Steps to reproduce issue:
- Get the code from gist: https://gist.github.com/AVAVT/83685bfe5280efc7278465f90657b9ea
- Run
node practice1.generator
- Run
node practice1.performance-test
practice1.generator
should generate a test-data.json
file, and log some searching algorithm execution time into the console.
After that, practice1.performance-test
reads from test-data.json
, and perform the exact same evaluation function on that same data.
The output on my machine is consistently similar to this:
> node practice1.generator
Generate time: 9,307,061,368 nanoseconds
Total time using indexOf : 7,005,750 nanoseconds
Total time using for loop : 7,463,967 nanoseconds
Total time using binary search : 1,741,822 nanoseconds
Total time using interpolation search: 915,532 nanoseconds
> node practice1.performance-test
Total time using indexOf : 11,574,993 nanoseconds
Total time using for loop : 8,765,902 nanoseconds
Total time using binary search : 2,365,598 nanoseconds
Total time using interpolation search: 771,005 nanoseconds
Note the difference in execution time in the case of indexOf
and binary search
comparing to the other algorithms.
If I repeatedly run node practice1.generator
or node practice1.performance-test
, the result is quite consistent though.
Now this is so troubling, I can't find a way to figure out which result is credible, and why such differences occur.
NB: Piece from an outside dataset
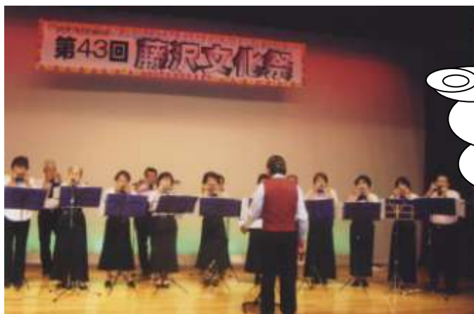
藤沢公民館・文化祭での様子

Is it caused by a difference between the generated test array vs JSON.parse-d test array; or is it caused by process.hrtime()
; or is it some unknown reason I couldn't even fathom?
Update: I have traced the cause of the indexOf
case to be because of JSON.parse
. Inside practice1.generator
, the tests
array is the original generated array; while in practice1.performance-test
the array is read from the json file and is probably different from the original array somehow.
If within practice1.generator
I instead JSON.parse()
a new array from the string:
var tests2 = JSON.parse(JSON.stringify(tests));
performanceUtil.performanceTest(tests2);
The execution time of indexOf
is now consistent on both files.
> node practice1.generator
Generate time: 9,026,080,466 nanoseconds
Total time using indexOf : 11,016,420 nanoseconds
Total time using for loop : 8,534,540 nanoseconds
Total time using binary search : 1,586,780 nanoseconds
Total time using interpolation search: 742,460 nanoseconds
> node practice1.performance-test
Total time using indexOf : 11,423,556 nanoseconds
Total time using for loop : 8,509,602 nanoseconds
Total time using binary search : 2,303,099 nanoseconds
Total time using interpolation search: 718,723 nanoseconds
So at least I know indexOf
run better on the original array and worse on a JSON.parse
-d array. Still I only know the reason, no clue why.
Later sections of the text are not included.